ADR-0001 — DocPipe — one long-lived Chromium pool over per-request browsers

Context

DocPipe v1 hung under sustained load. Each render spawned a short-lived Chromium child via chromedp; orphaned grandchildren accumulated until fork() failed. The hang only manifested in production-scale traffic and was invisible under low-volume soak.

Decision

Run one long-lived Chromium process per service instance. Per-request tabs derive from a shared parent context. A semaphore caps concurrent renders. A supervisor goroutine probes Chromium every 30 seconds and recycles it on failure or after a configurable render count. Add tini as PID 1 so orphaned grandchildren are reaped.

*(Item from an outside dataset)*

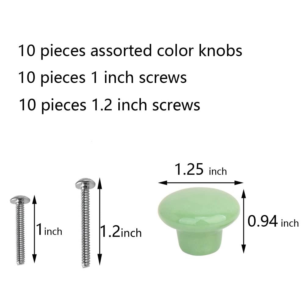 10 Pieces Round Ceramic Door Drawer Cabinet Decorative Pull Handle Knob with Screws Package included: 10pcs assorted color ceramic knob with screws Size(DxH): 1.25" x 0.94"/ 32mm x 24mm Made of durable hard ceramic material, beautiful and easy to clean Come with 2 different length screws for you, make the knobs suitable for any thickness of board Comfortable feeling of hand, easy to install. Perfect for kitchen cabinet, furniture door, cupboard, desk drawer, wardrobe drawers, shoe cabinet, chest, bookcase,etc.

Soak test gates every release: 1000 sequential renders plus 50-wide parallel waves for 10 minutes, asserting zero zombie processes, RSS within 100 MB of baseline, and analytics totals matching what was sent.

Consequences

Positive:

The class of hang that killed v1 is structurally impossible — there is exactly one Chromium process, and the supervisor owns its lifecycle.
Memory and FD usage become bounded and predictable; one fewer ops surprise.
The soak test is a real regression gate, not a smoke check — production-scale load runs before every release.

Negative:

Concurrency is hard-capped by the semaphore. A noisy caller can hold slots up to the timeout and starve others. A weighted-fair queue over the semaphore is the right next step but is deliberately out of v2 scope.
Chromium crash means a brief blip while the supervisor restarts it. Acceptable for the current SLO, may not be for tighter budgets later.
Restart cost scales with peak-time tab count. Coarse but survivable.